Proposing the law aiming at reinstating Law No. 453/1995 and modifying some of its provisions.
The Public Works Committee completed the final version of the proposal on 19/10/2020, after obtaining agreement between all parliamentary blocs, and it was submitted to the Presidency of the parliament.
The two proposals were referred to the sub-committee derived from the Public Works, Transportation, Energy and Water committee. The sub-committee studied the two proposals together during 4 sessions, and merged the two texts after it was agreed to replace the “exemption” from fees with a “temporary reduction”. Accordingly, the title of the law was modified to become “A proposal for a law aimed at granting a temporary reduction on some construction fees according to prototypical designs.”
It was referred to the committees of Administration and Justice, Finance and Budget, and Public Works on 24/6/2020.
The law proposal was submitted on 23/6/2020.
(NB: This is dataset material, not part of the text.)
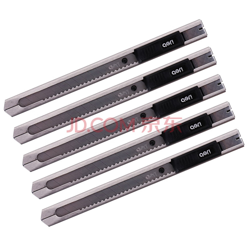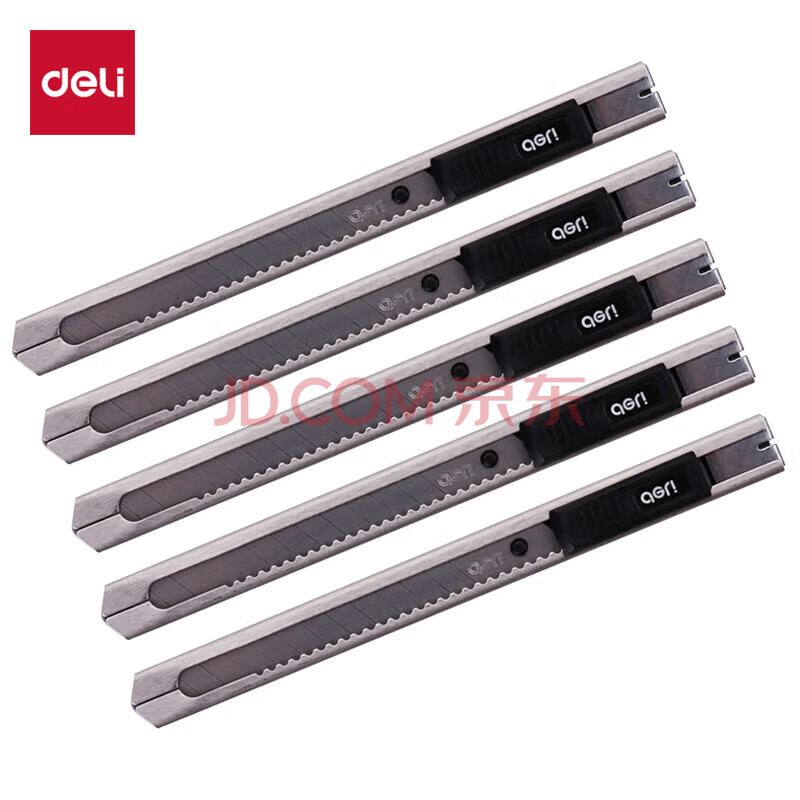 商品相册:得力(deli)5把金属小号美工刀 自动锁裁纸刀小刀 办公用品 银色 P02058-05第

In June 2020, MP Bahia Hariri of the Future Parliamentary Bloc submitted a proposal to exempt some building permits from fees, in case it follows standard designs. It is also striking that three representatives of the Loyalty to the Resistance Bloc (Hezbollah) proposed a similar law during the same month. Both proposals openly contribute to encouraging construction in unregulated regions by easing the burden of building permit costs -which fall on the shoulders of citizens who own or buy properties within these areas- and aim towards achieving development goals within these regions instead. These are the official rationales for the proposed laws.
A fundamental problem arises here, however, in terms of the standardization of people’s housing needs by linking their exemption from fees to their obligation to concede to ready-made standard designs which fail to account for different needs and/or geographical diversity between regions. These standardized designs are presented as a solution to the imminent problem of “unorganized” construction – a term used by authorities to hold people accountable for their conditions and for their failure to obtain legal licenses – knowing very well that the aforementioned lack of organization is but a product of the authorities’ procedures and policies, whether due to their delay in planning housing in previously unregulated areas or as a result of the construction law which does not take the environment, nature, and society into account, or lastly, as a result of the absence of fair housing policies.
As such, this law proposal is nothing but a deliberate protraction of the state’s resignation from its social responsibilities by offering partial solutions to problem it has produced and continues to exacerbate, at a time when it is absolutely imperative that we preserve the regions’ natural and socio-economic characteristics and achieve development within them by referring to the National Physical Master Plan of the Lebanese Territories, and thus limiting the forced displacement of populations from rural areas.